About 4,000 people come into U.S. hospitals yearly looking for help with the mostly benign ailment, but everyone deals with them: they’re routinely one of Google’s most searched health questions.
Most cases resolve independently within two days. Longer bouts can be a sign of an underlying problem, such as a brain tumor. Longer-persisting, continuous “intractable hiccups” are also common side effects of chemotherapy treatment or steroids; more than 90 percent of cases occur in men over 50. In intractable cases, the best treatment is dealing with the underlying condition.
Doctors have tested a suite of drugs to address hiccups: some relax muscles, possibly calming a spasming diaphragm, or change the reactivity of nerves. But there’s “a lack of good quality evidence to recommend specific treatment,” neuroscientists from Loyola University in Chicago wrote in a 2018 study.
A Japanese research group uses another strategy: making people breathe in high-concentration CO2. “Put simply, a level of CO2 retention in the body tricks the brain into thinking it has a life-threatening emergency and makes it forget about the hiccups,” writes Toshiro Obuchi, a thoracic surgeon and hiccups expert at St. Mary’s Hospital in Japan.
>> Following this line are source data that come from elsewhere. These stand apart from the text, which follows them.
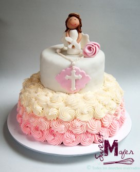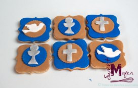 Edwin me encargó una torta marmolada para 30 personas, 30 galletas decoradas a juego y otras galletitas para la mesa de dulces de la celebración de la primera comunión de su hijita. ¡Les gustó mucho!
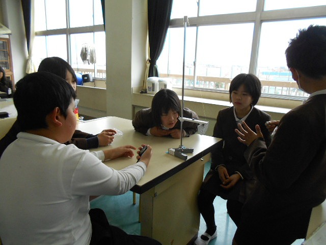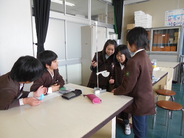 5年生は、理科の学習で、ふりこの1往復する時間は、ふりこの長さ、おもりの重さ、ふれ幅によって変わるかどうかを調べました。
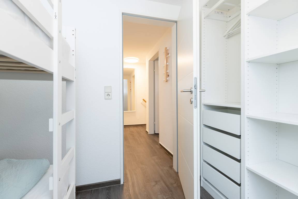 bietet in seinem offenen Kleiderschrank ausreichend Stauraum. Das Etagenbett (2 mal 90x200cm) ist für viele Kids ein Highlight im Urlaub.
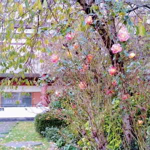 # The annual gathering of estate residents for Halloween went off safely and smoothly. There were plenty of free cakes to eat, soup and other hot drinks. I was reprimanded by a 9 year-old for entering the Under-5s playground to take a picture of a rose bush I had mistaken from a distance to be a pumpkin tree.
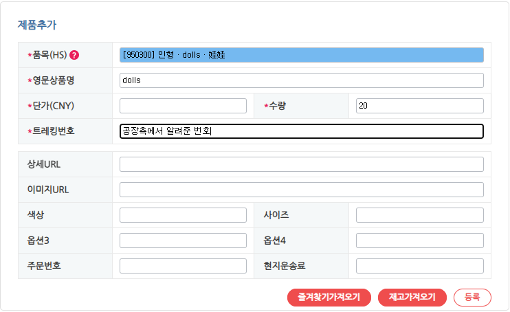 공장측에서 트레킹 번호를 보내주셨으면 배송대행 신청 페이지로 들어가셔서 제품 추가를 해줍니다
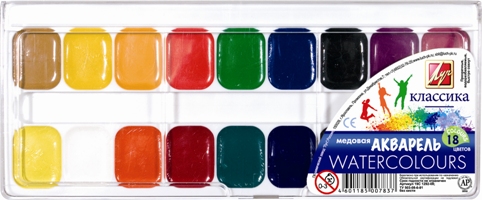 Краски акварельные «Классика» медовые полусухие изготовлены на основе органических пигментов и натурального связующего с добавлением пчелиного мёда, находятся в пластмассовой упаковке с прозрачной крышкой. Акварель предназначена для детского творчества и различных живописных работ.
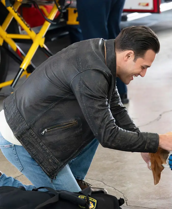Ryan Guzman TV-Series 9-1-1 2025 Eddie Diaz Black Leather Jacket
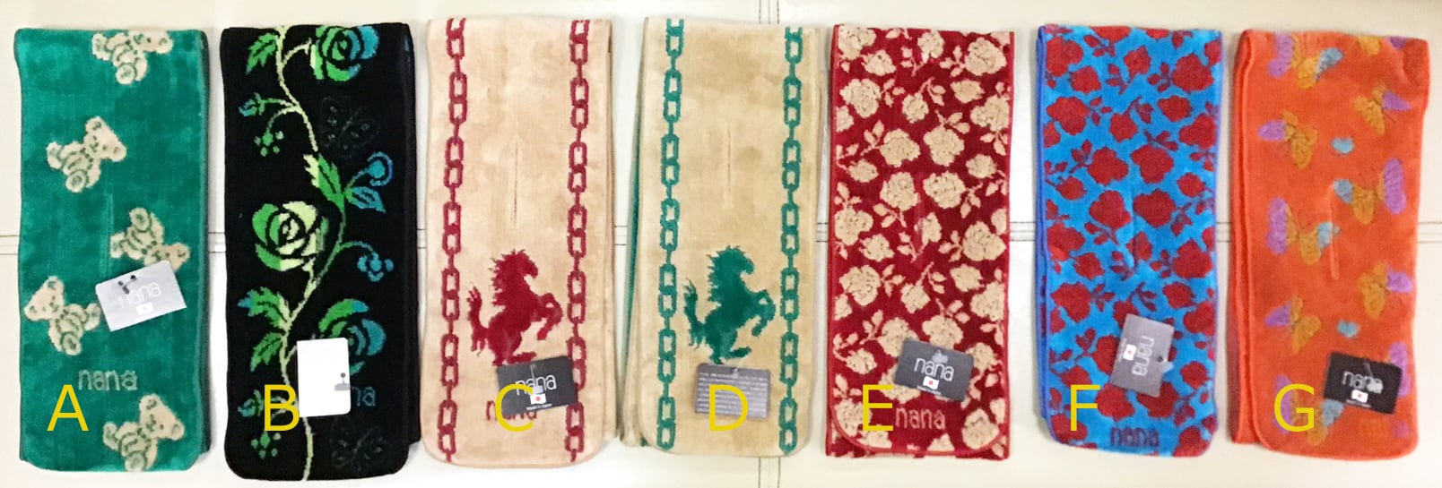 横浜ナナのナローマフラーです。とっても扱いやすく片側の切り込みに挟む仕様になりました。
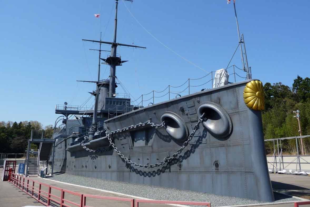 Как показывают фотографии, "Миказа" был довольно тщательно восстановлен. Но орудия и башни, выполненные из стальных листов, при ближайшем рассмотрении не соответствуют действительности.
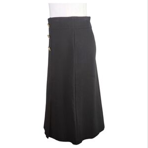 Roz & Ali Black A-Line Midi Skirt Gold Button Front Sailor Style Medium
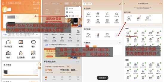 值得注意的是,用戶下拉屏幕可以進(jìn)入“二樓”查看/編輯功能組件,包括我的功能、快捷轉(zhuǎn)賬、最近使用、自選基金和熱門活動。其中,“我的功能”支持用戶自定義0-4個(gè)常用功能,但實(shí)際僅可顯示3個(gè),自定義旅程也有優(yōu)化空間:已經(jīng)選中的功能,“全部功能”中沒有進(jìn)行標(biāo)識。

But if you can’t fly to Japan to have Dr. Obuchi treat you, those old wives’ tales—like drinking a whole glass of water in one gulp to standing on your head to getting really scared—can actually work, because they share a key principle: interrupting the reflex arc so that nerves and muscles are distracted by something else, says Ali Seifi, a neurointensivist at the University of Texas, San Antonio who became obsessed with finding a cure after seeing a patient wake up with inexplicable hiccups after brain surgery.
Drinking a glass of water in one go, for example, forces your diaphragm muscle to keep creating suction continuously, which occupies the phrenic nerve, interrupting one part of the reflex. A scare forces the vagus nerve, which controls calming responses, into action, interrupting the other part of the reflex.
But Seifi has designed a more consistent tool: a straw called the Hiccaway that forces the drinker to suck very hard—like drinking a thick milkshake. He hypothesizes that the effort engages both nerves, killing their ability to keep hiccups going.
Pisenti, like many long-term hiccup sufferers, hasn't ever been diagnosed with intractable hiccups; medicine doesn't always take the malady seriously. So finding the straw was a revelation. She reaches for it at the first glimmer of hiccups, and while it doesn’t get rid of them forever, it forces them into temporary submission. “It’s a life-changer,” she says.